* _What you should do_
Repeat the listing exactly, minus the pictures.

* _Recorded information_
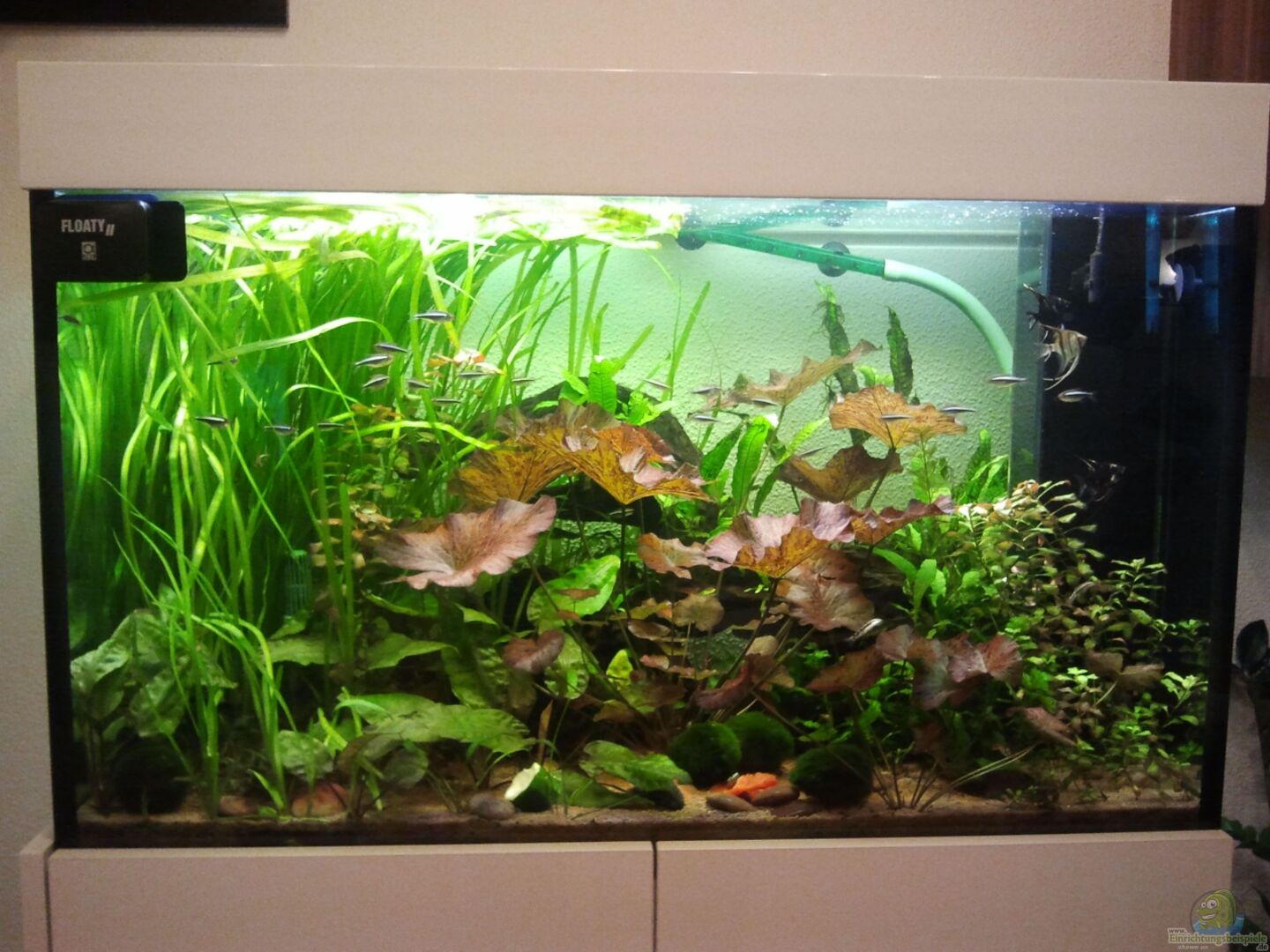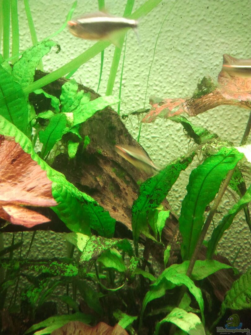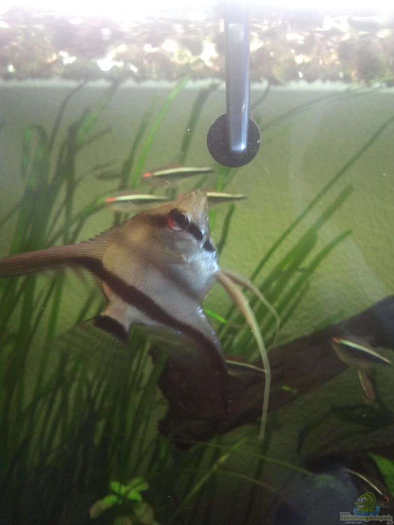 Die Neons schwimmen als Schwarm manchmal aber auch ohne Schwarmstruktur durch die Pflanzen, sind aber auch im freien Schwimmraum zu beobachten. Die Tiere sind ca. 3 Jahre alt und stören sich nicht an den Skalaren (genau wie auch die Skalare an ihnen ;) )
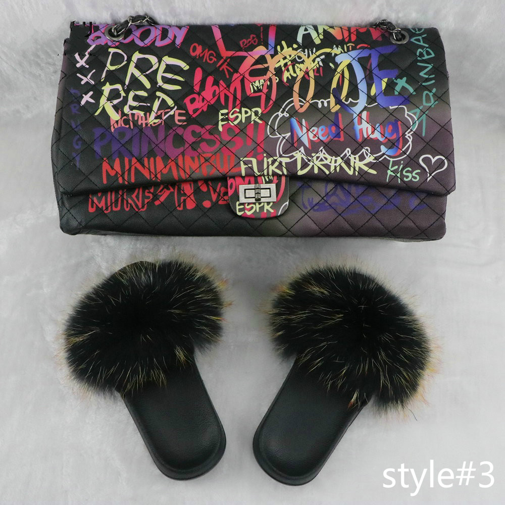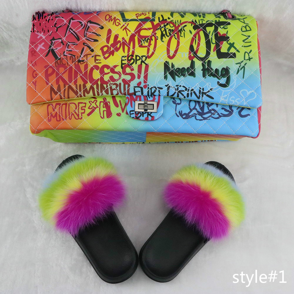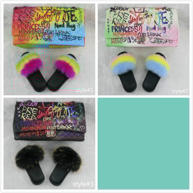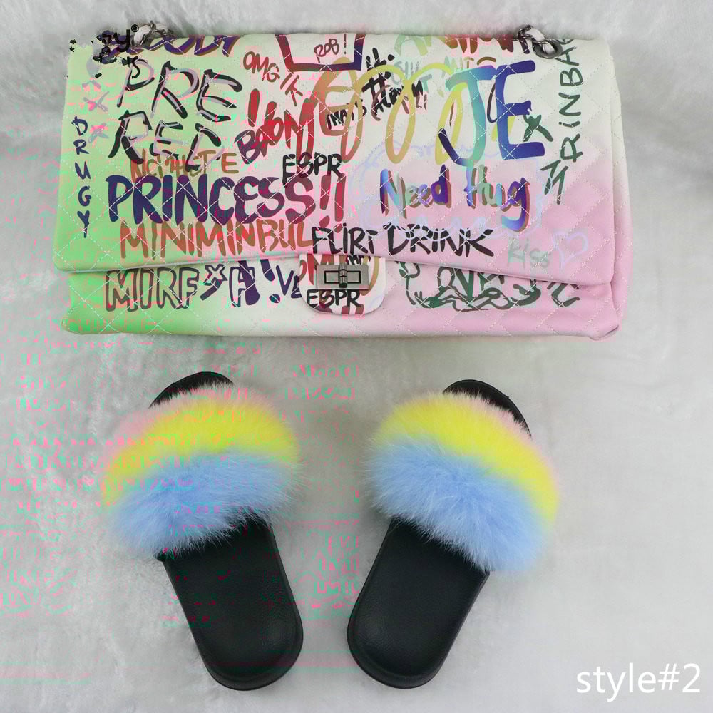 Painting Graffiti Handbags Purses Chain Bag Rainbow Fox Fur Slides Furry Slippers C2
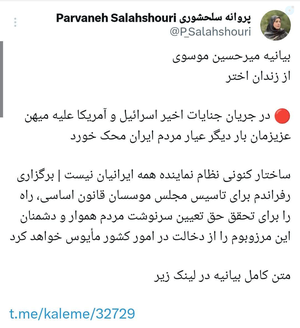 12 July 2025چراغ دوم رو هم پروانه سلحشوری روشن کرد آره آره بیاید برامون از انسجام ملی حرف بزنیدهر کی حرف زد با اینا مخالف وحدتن خفه شون کنید تحویل بگیرید حضرات
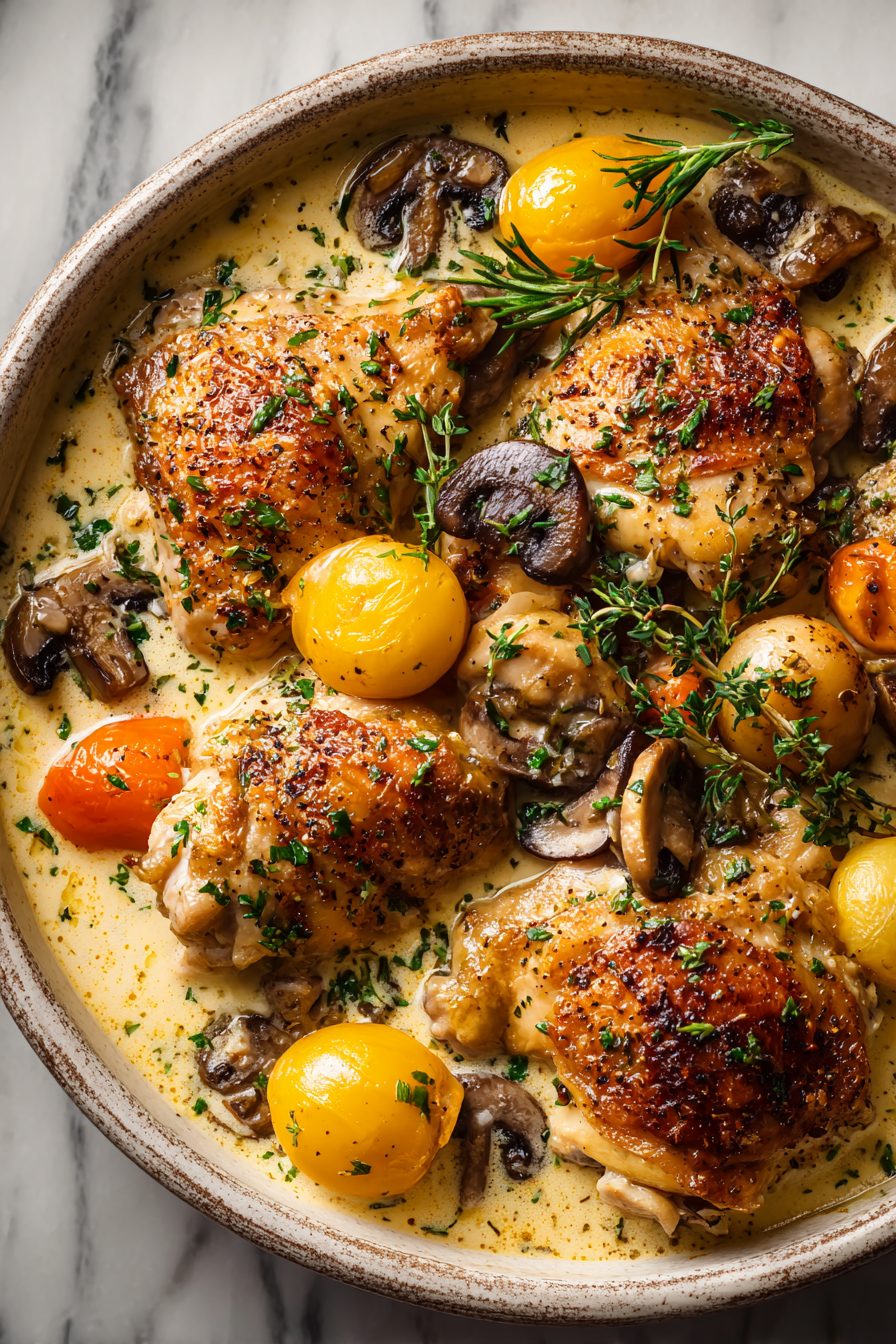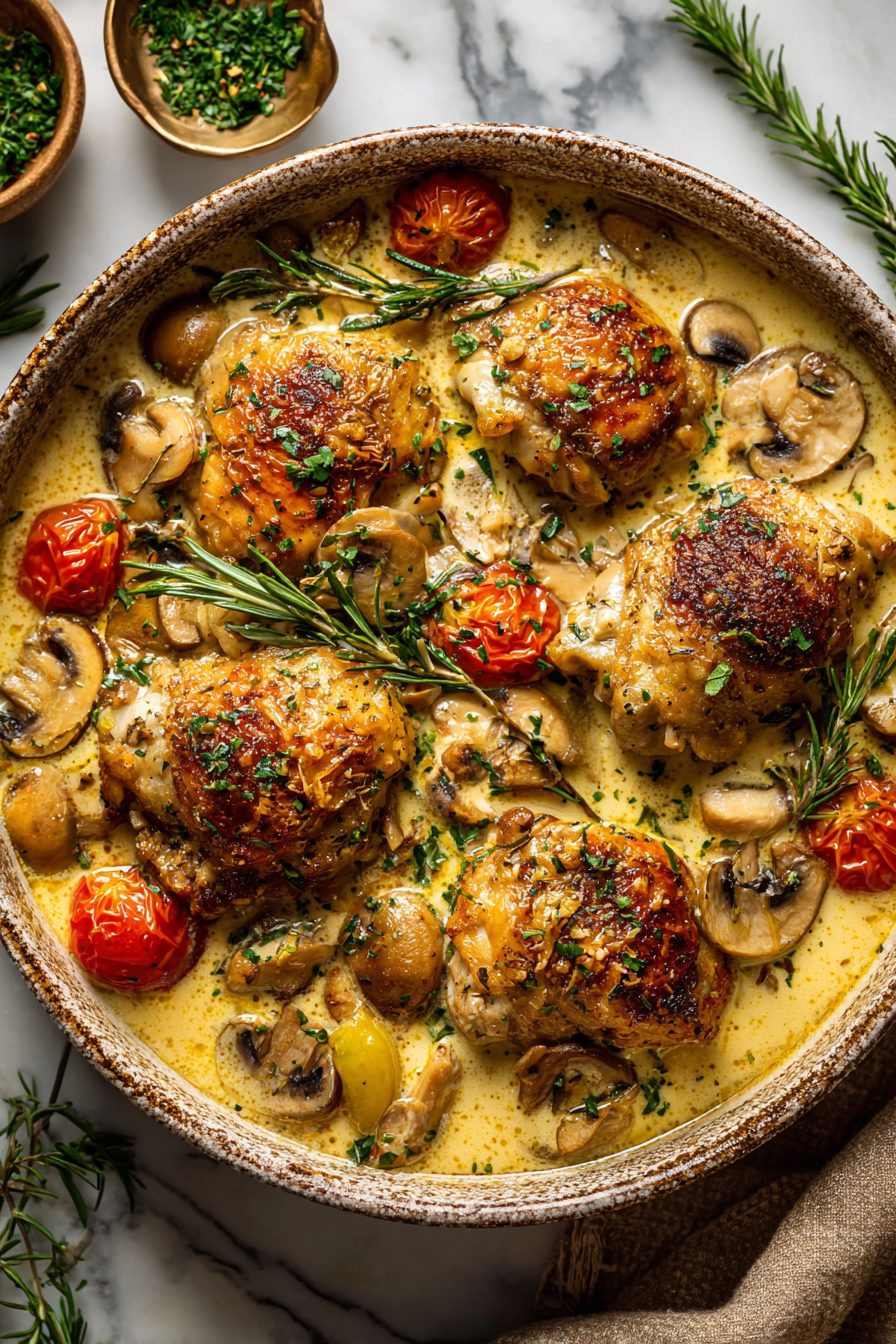 – Use boneless thighs if you’re rushed — they brown faster and shave off 10–15 minutes of cook time.

* _Solution to this exercise_
 Die Neons schwimmen als Schwarm manchmal aber auch ohne Schwarmstruktur durch die Pflanzen, sind aber auch im freien Schwimmraum zu beobachten. Die Tiere sind ca. 3 Jahre alt und stören sich nicht an den Skalaren (genau wie auch die Skalare an ihnen ;) )
 Painting Graffiti Handbags Purses Chain Bag Rainbow Fox Fur Slides Furry Slippers C2
 12 July 2025چراغ دوم رو هم پروانه سلحشوری روشن کرد آره آره بیاید برامون از انسجام ملی حرف بزنیدهر کی حرف زد با اینا مخالف وحدتن خفه شون کنید تحویل بگیرید حضرات
 – Use boneless thighs if you’re rushed — they brown faster and shave off 10–15 minutes of cook time.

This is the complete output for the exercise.